The unpolarized solution m=0m_\star=0 is always present when the underlying six-vertex model is symmetric. A phase transition occurs when this solution stops being the only stable solution, and nonzero self-consistent polarizations appear.

Phase Transitions

Take the self-consistency equation at h=0h=0:

m=p0(Jm). m=\nabla p_0(Jm).

Assume the underlying six-vertex model is symmetric, so p0(0)=0\nabla p_0(0)=0. Linearize near m=0m=0:

p0(Jm)=p0(0)+D2p0(0)Jm+O(m2). \nabla p_0(Jm) = \nabla p_0(0) + D^2p_0(0)Jm + O(|m|^2).

Define susceptibility

χ0D2p0(0). \chi_0 \doteq D^2p_0(0).

Then

m=Jχ0m+O(m2). m = J\chi_0 m + O(|m|^2).

The unpolarized state loses stability when Jχ0J\chi_0 has an eigenvalue bigger than 1, i.e.

Jλmax(χ0)>1. J\lambda_{\max}(\chi_0)>1.

Equivalently, the critical coupling is

Jc=1λmax(χ0). J_c = \frac{1}{\lambda_{\max}(\chi_0)}.

The susceptibility χ0\chi_0 measures how strongly the ordinary six-vertex model responds to a small external field. If χ0\chi_0 is large, then even a weak field produces a noticeable polarization. In that case, the mean-field feedback does not need to be very strong to sustain a polarized state.

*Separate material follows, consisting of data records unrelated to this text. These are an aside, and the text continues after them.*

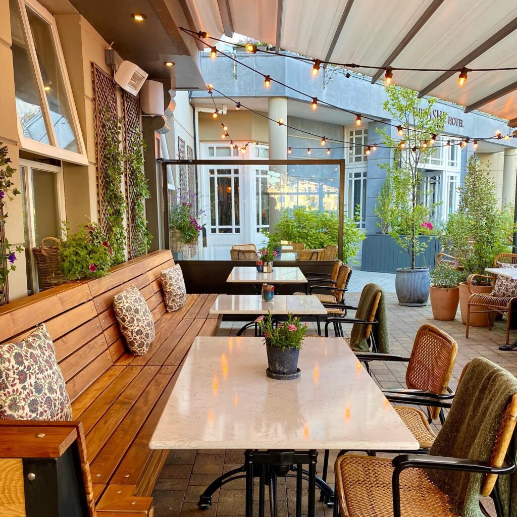 Only access to the outside Garden Terrace for dining, dogs are not allowed to enter the bar or restaurant area with the exception of service dogs. Our little brother Roundy’s Bar (located across from The Ashe Hotel is dog friendly and has water bowls and treats for your dog to enjoy while you have a drink)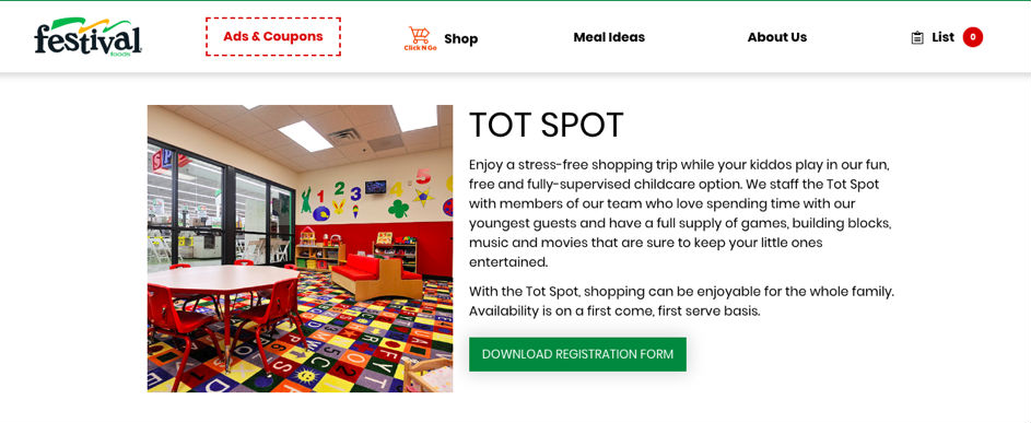One retailer that does this, according to Tuschl, is Festival Foods in Wisconsin. “It created a tot spot: a place where moms can shop while the kids play with a free babysitter on-site,” she shares.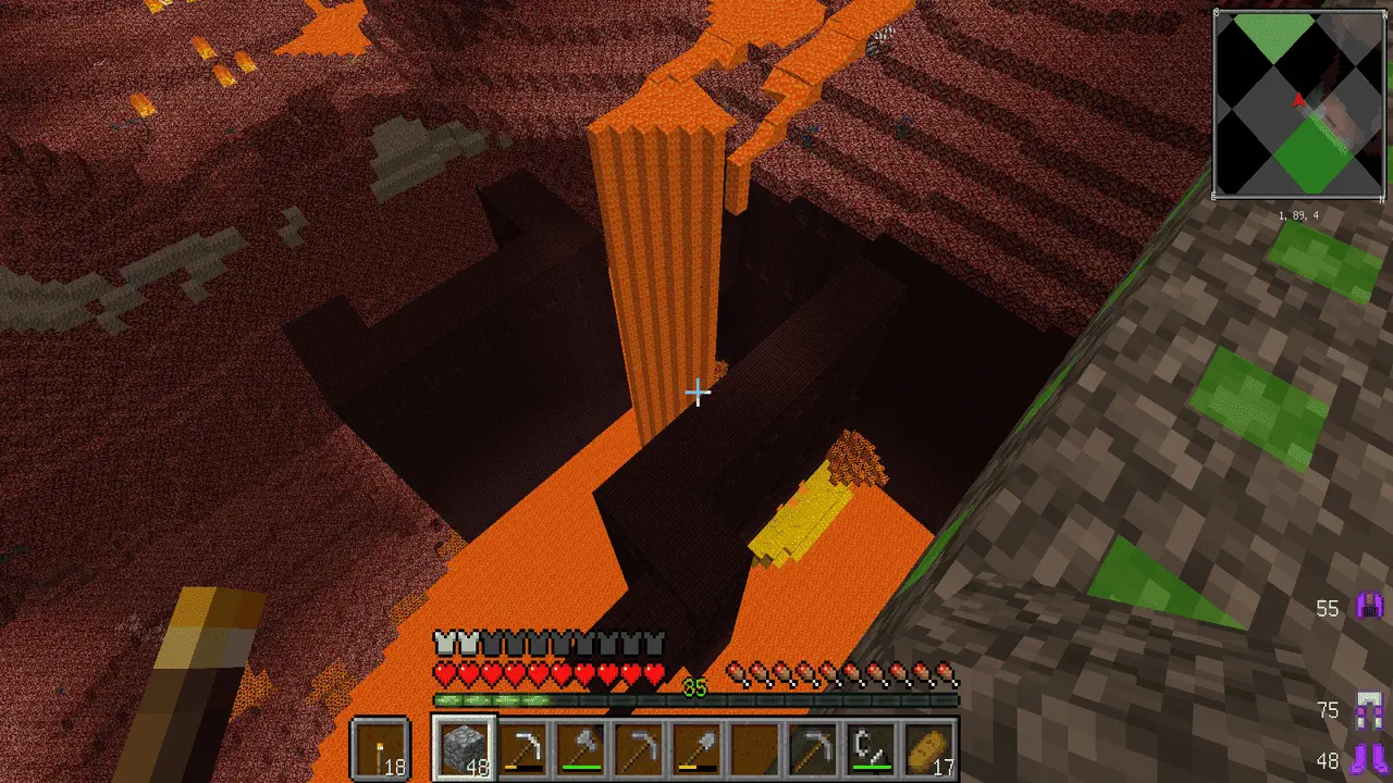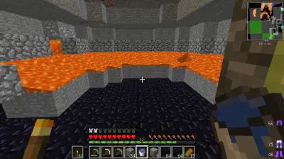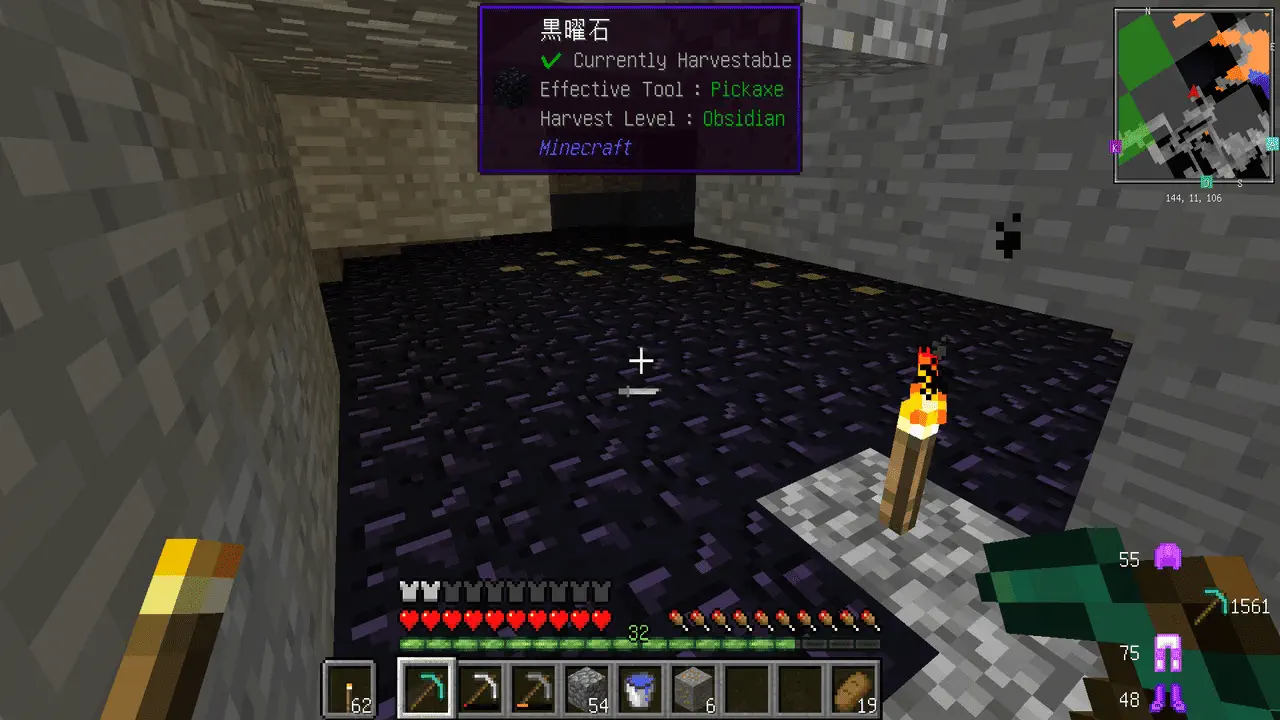 水をバケツにいれて、溶岩だまりにどばーっとぶっかけて Vein Miner の一括採掘機能をガシガシ掘ります。 すぐに掘り切れるので超便利。もちろん掘ったブロック数だけ耐久度も減ってます。

If χ0\chi_0 is small, the ordinary six-vertex model resists polarization. A small self-generated field dies out, and the unpolarized state remains stable. The transition occurs exactly when the feedback loop becomes strong enough: a small polarization creates an effective field, the field induces more polarization, and the induced polarization reinforces the original one.

So the criterion

Jλmax(χ0)>1 J\lambda_{\max}(\chi_0)>1

encodes that spontaneous polarization appears when mean-field alignment beats the inverse linear response of the underlying ice model.

  1. Boundary conditions can be handled in several different ways, e.g., by fixing the boundary arrows or by using periodic boundary conditions. Here, the boundary convention is not important; the main point of interest is the bulk constraint imposed at each interior vertex.